RAW DATA -
○ ○ ○

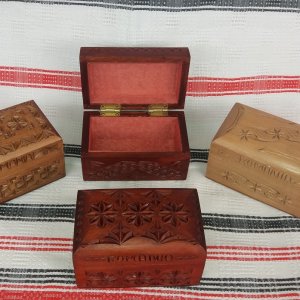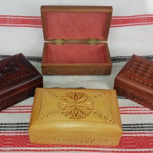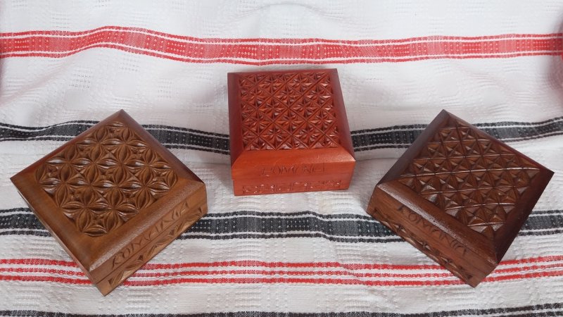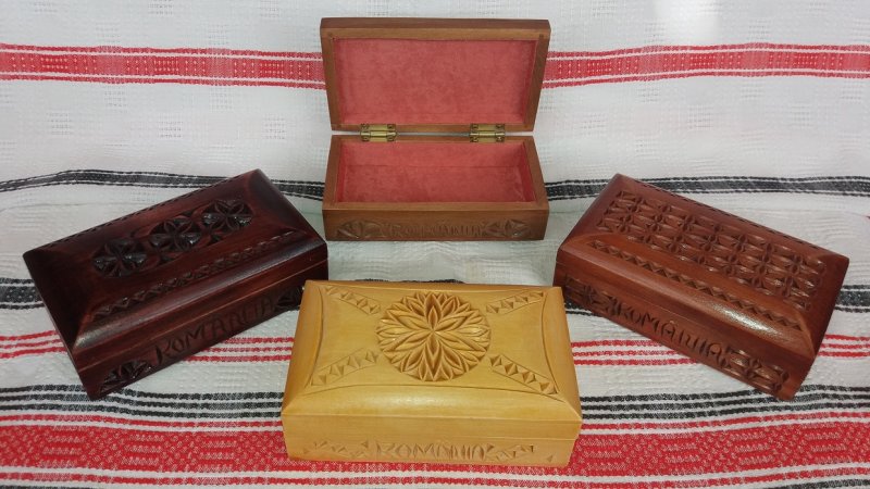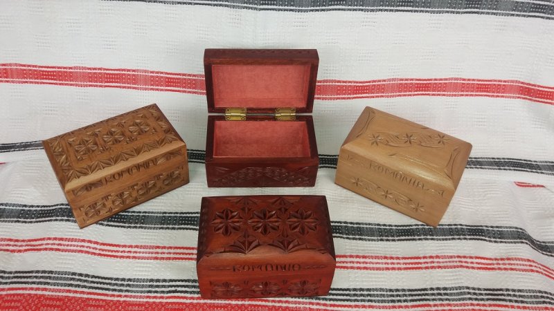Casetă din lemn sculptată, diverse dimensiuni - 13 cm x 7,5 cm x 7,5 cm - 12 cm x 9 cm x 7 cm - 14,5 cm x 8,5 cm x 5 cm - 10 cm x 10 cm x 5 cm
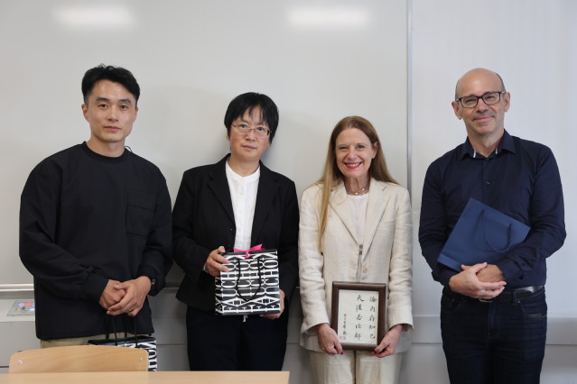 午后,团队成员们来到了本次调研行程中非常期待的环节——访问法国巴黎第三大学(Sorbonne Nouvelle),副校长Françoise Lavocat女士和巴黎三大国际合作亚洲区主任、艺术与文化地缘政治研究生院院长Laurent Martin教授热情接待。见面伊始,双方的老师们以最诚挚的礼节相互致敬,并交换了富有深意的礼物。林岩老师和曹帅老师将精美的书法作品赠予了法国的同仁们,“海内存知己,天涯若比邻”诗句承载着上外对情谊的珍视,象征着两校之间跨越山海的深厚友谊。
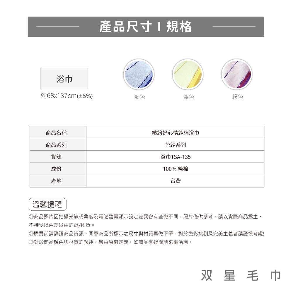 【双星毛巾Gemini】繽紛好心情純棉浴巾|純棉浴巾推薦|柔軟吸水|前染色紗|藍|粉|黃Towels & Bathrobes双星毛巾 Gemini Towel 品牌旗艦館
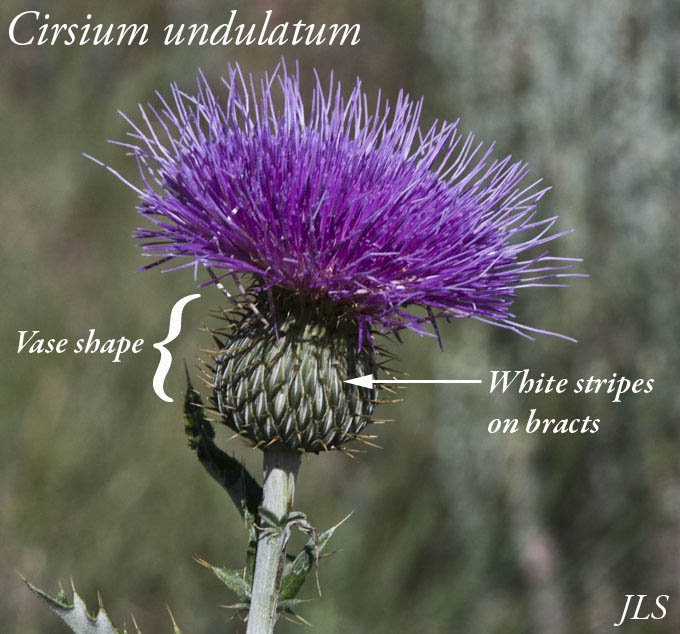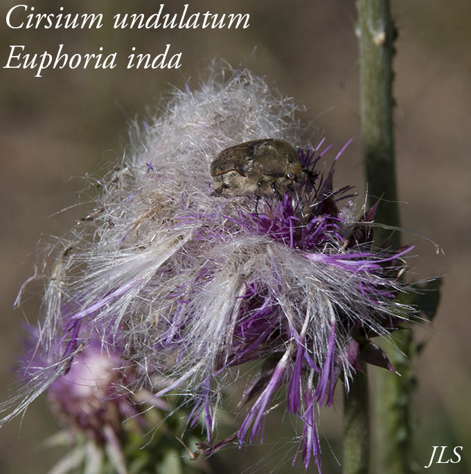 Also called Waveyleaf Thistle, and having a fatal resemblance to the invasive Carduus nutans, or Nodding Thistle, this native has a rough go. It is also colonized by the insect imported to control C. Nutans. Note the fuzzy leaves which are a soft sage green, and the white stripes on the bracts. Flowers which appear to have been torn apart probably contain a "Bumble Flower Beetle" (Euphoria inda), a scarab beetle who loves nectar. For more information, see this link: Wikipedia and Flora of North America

○ ○ ○

WORK INSTRUCTIONS - The reply has to reproduce every line above verbatim and contain no pictures.

ANSWER TO THIS EXERCISE -
Casetă din lemn sculptată, diverse dimensiuni - 13 cm x 7,5 cm x 7,5 cm - 12 cm x 9 cm x 7 cm - 14,5 cm x 8,5 cm x 5 cm - 10 cm x 10 cm x 5 cm
 午后,团队成员们来到了本次调研行程中非常期待的环节——访问法国巴黎第三大学(Sorbonne Nouvelle),副校长Françoise Lavocat女士和巴黎三大国际合作亚洲区主任、艺术与文化地缘政治研究生院院长Laurent Martin教授热情接待。见面伊始,双方的老师们以最诚挚的礼节相互致敬,并交换了富有深意的礼物。林岩老师和曹帅老师将精美的书法作品赠予了法国的同仁们,“海内存知己,天涯若比邻”诗句承载着上外对情谊的珍视,象征着两校之间跨越山海的深厚友谊。
 【双星毛巾Gemini】繽紛好心情純棉浴巾|純棉浴巾推薦|柔軟吸水|前染色紗|藍|粉|黃Towels & Bathrobes双星毛巾 Gemini Towel 品牌旗艦館
 Also called Waveyleaf Thistle, and having a fatal resemblance to the invasive Carduus nutans, or Nodding Thistle, this native has a rough go. It is also colonized by the insect imported to control C. Nutans. Note the fuzzy leaves which are a soft sage green, and the white stripes on the bracts. Flowers which appear to have been torn apart probably contain a "Bumble Flower Beetle" (Euphoria inda), a scarab beetle who loves nectar. For more information, see this link: Wikipedia and Flora of North America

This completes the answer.